Examples 3.1, 3.2, and 3.3 all satisfy the linear model assumption, and each has a description of when it is well-specified (for the guarantees of Section 5 to apply). Our experiments focus on these three examples, where we find that 3.2 and 3.3 perform the best. Algorithm 1 does allow for models that do not satisfy our assumptions (e.g. nonlinear), but these do not enjoy the same stochastic theoretical guarantees, which are a crucial part of our contribution.
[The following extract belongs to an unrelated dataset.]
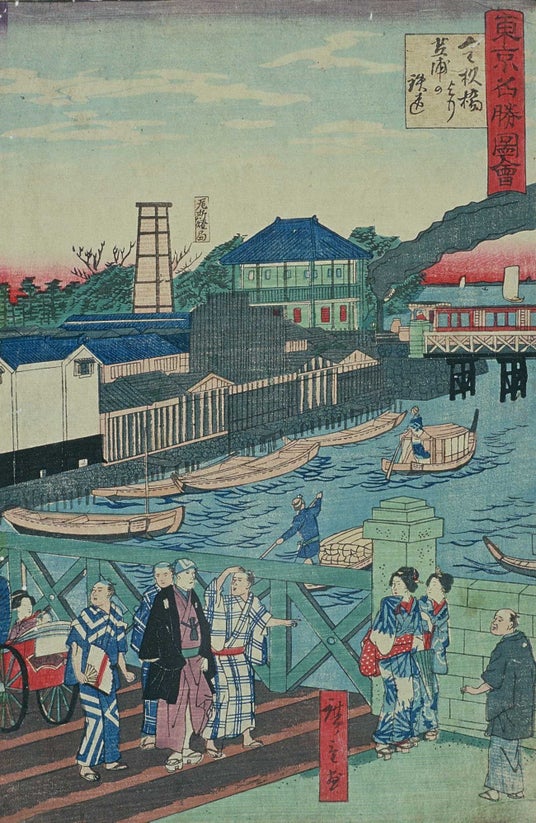 東京名勝図会 金杉橋より芝浦の鉄道 歌川広重(三代) 年不詳

We believe that extending our guarantees to more complex model classes that could provide further practical benefits is a promising area of future research, and we will make this point clearer in the final version.

What are the list of contributions this paper is claiming? is there also any algorithmic contributions? or it is mainly analyzing the online gradient descent on pinball loss under different assumptions and different notions of coverage?

Concretely, our contributions are:

  • A new algorithm for online conformal prediction that allows for conformal predictors beyond scalars as in ACI.

  • Theoretical guarantees showing that our algorithm always achieves

    • marginal coverage,

    and under appropriate stochastic assumptions:

    • conditional coverage when well-specified
    • relaxed conditional coverage when mis-specified.
  • Experiments spanning 17 datasets and a pre-registration to compare our method with existing alternatives and provide evidence for the empirical benefits of our algorithm.

As previously discussed, the algorithmic contribution is to extend the model for the conformal predictor beyond a single scalar parameter (as in ACI) to parametric functions, and specifically for our theoretical results: linear functions of feature maps. This new algorithm can adapt to stochastic data, where it enjoys strong convergence guarantees both when well-specified and mis-specified. While our algorithm can replicate SQT as a special case, it encompasses a larger family of procedures and is thus not equivalent to exploring the behavior of existing algorithms under different assumptions. Moreover, our notions of coverage are not just different, but more general and stronger: we satisfy the standard marginal coverage property in the adversarial setting, but also a notion of conditional coverage when the data is stochastic. This has not been explored in past work beyond the i.i.d. setting.

最终决定

This paper proposes a family of algorithms for online conformal prediction that provide long-run coverage guarantees in the adversarial data setting, as well as consistency guarantees in the stochastic setting. While existing work, such as that of Angelopoulos et al. (2024), has also proposed online conformal prediction algorithms with guarantees under both adversarial and stochastic setups, the framework developed in this paper allows for handling potentially non-i.i.d. stochastic data. The core idea is to consider a parametric model for the conditional quantiles. Both the well-specified and misspecified cases are analyzed.

Such an explicit parametric modeling approach, though classical in many other areas in statistics and learning, actually leads to solid contributions to the field of conformal prediction. All reviewers are positive about this work, except Reviewer Ve1r who is concerned about the presentation. Hence, I recommend acceptance of this submission.

It would be beneficial to discuss whether the best-in-class-type guarantee in the misspecified case is an unavoidable feature of the parametric modeling approach, given that guarantees of this type do not appear in the work of Angelopoulos et al. (2024) for i.i.d. data.